А он мне отвечает: «До вас так работали, Фёдор Иванович, так я думаю, и впредь будем.
Вам, как начальнику — сорок процентов, а нам троим — по двадцать». Я дал согласие. Водители  мимо наряда по частным стройкам песок возят, и деньги в карман сами потекли. Бывало и по сто долларов в день выходило. Купил себе резиновое кольцо, мои подчинённые дела творят, а я хожу в кулаке резину жму, нервы успокаиваю. Иду на работу, а в душе бес говорит: «Сегодня, Федор, надо больше взять!» — а другой ему человек отвечает: «Тебя посадят, Федя». Вот так и жил. Захожу в автобус, а мне кажется, все на меня смотрят и думают: «вор ты, Федька». Но материально поднялся хорошо: машину купил, квартиру отремонтировал, всю мебель сменил. Я,  служа подполковником  в армии, таких денег не имел.  Однажды сломалась моя машина, и я поехал автобусом, так  как-то и неуютно стало.

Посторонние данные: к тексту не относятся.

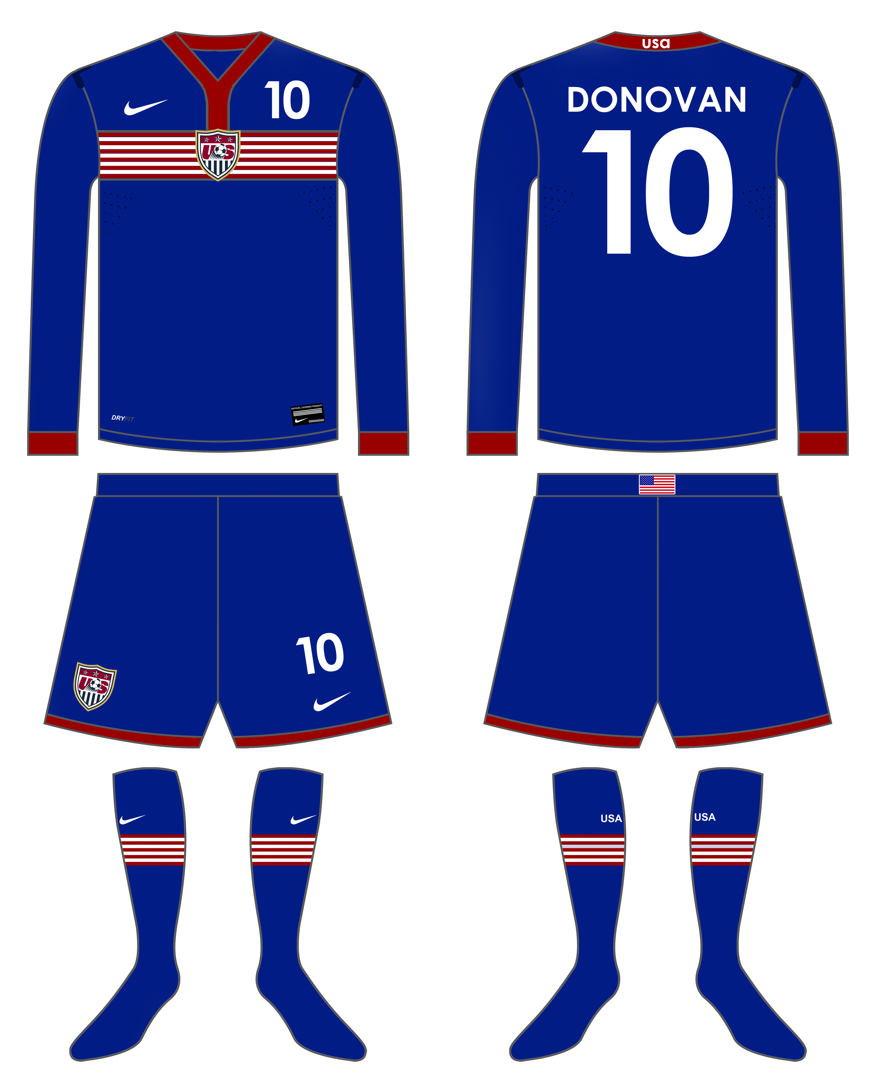 A Blue kit, featuring red and white stripes that represent the American flag.

Быстро человек к комфорту привыкает. Заходит в автобус старушка с палочкой, изогнутая в полумесяц. Я ей место уступаю. А она мне говорит: «Сиди, сиди, тебе давно уже положено сидеть». Она, может быть, имела ввиду, что я уже не молодой, а я подумал совсем по-другому. Думаю, откуда старуха узнала про мои дела, и намекает мне на тюрьму. Поехал я к свату и стал просить его перевести меня на другую работу. Он смотрит на меня как на сумасшедшего. Перевёл он меня в цех . Там оклад, и с пьяницами надо было постоянно скандалить.  А тут сердце начало шалить, оставил и эту работу. А помощник мой стал начальником карьера, там до сих пор и работает.
    В другом конце стола сидели молодые ребята, пили пиво и внимательно слушали рассказ Фёдора Ивановича. По окончанию рассказа один из них засмеялся.
— Чего смеёшься? — спросил Федор Иванович.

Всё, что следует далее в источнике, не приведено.